The foregoing citations indicate with greater clearness, it may be, than does the language used in our own constitution, the constitutional guaranty sought to be established and shed light upon the exception of "offenses cognizable by justices of the peace," as therein used. But there is a further consideration which is deserving of notice. At the time of the adoption of the constitution in 1842 the general provisions of "An act concerning crimes and punishments," passed in 1838, were still *Page 76 in force. Sections 18 and 25 of chapter 9 of this act are as follows:

"SEC. 18. The several courts of common pleas in this state, shall have cognizance of all crimes and offences which shall be committed within their respective counties, excepting only those for which a person convicted may be sentenced to death, to imprisonment for life, or for a term of seven years or more, and upon all person convicted before them, of any crime or offence, shall inflict such punishment as is or shall be by law prescribed."

SEC. 25. No person except upon indictment found by a grand jury, shall be put on trial for any crime or offence before the supreme judicial court or either of the courts of common pleas in this state, except in case of an appeal from the sentence of some magistrate."

The offence charged in the complaint now before the court was also substantially defined and punished in the same act, chapter 6, section 12, as follows: "Every person who shall be convicted of cruelly using, beating or tormenting any horse, ox or other animal, whether belonging to himself or another, shall be fined not exceeding fifty dollars."

It is contended by the respondent that, inasmuch as this offence was then punishable only upon indictment and was not then cognizable by a justice of the peace, the only procedure now to be had is to be had upon an indictment and not otherwise. It will be seen, however, that this offence was then only indictable because the statute conferred jurisdiction of it upon the Court of Common Pleas and not upon a justice of the peace. It is not denied that it was then competent for the legislature to make it cognizable before a justice of the peace, inasmuch as it was certainly not a felony at the common law. Indeed, by the provisions of section 5 of chapter 9 of said act, while the general criminal jurisdiction of a justice of the peace was limited to offences punishable by a fine of $20, there is also further provision made for those offences which are "or shall be declared within the jurisdiction of a justice of the peace to try and determine."
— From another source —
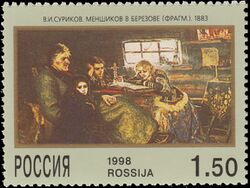 Картина «Меншиков в Берёзове» на почтовой марке России 1998 года[187]

It is contended further by the respondents that the exception *Page 77 in the proviso is of "such offenses as are cognizable by a justice of the peace," and not of such "infamous crimes" as were so cognizable; and, consequently, that crimes and offences not infamous and not cognizable by a justice of the peace are to be considered as within the provisions of the article and to be punished only upon indictment or presentment by a grand jury. To this contention it is sufficient to reply that the inhibition is only against the prosecution of "capital or other infamous crimes," and if there were no exception in the section it could not be contended that any other crimes were included. That there are certain exceptions in respect of cases of impeachment and in cases arising in the land and naval forces and the militia is a diminution of the scope of the original provision and not an enlargement of it to the inclusion of cases not specifically within its terms.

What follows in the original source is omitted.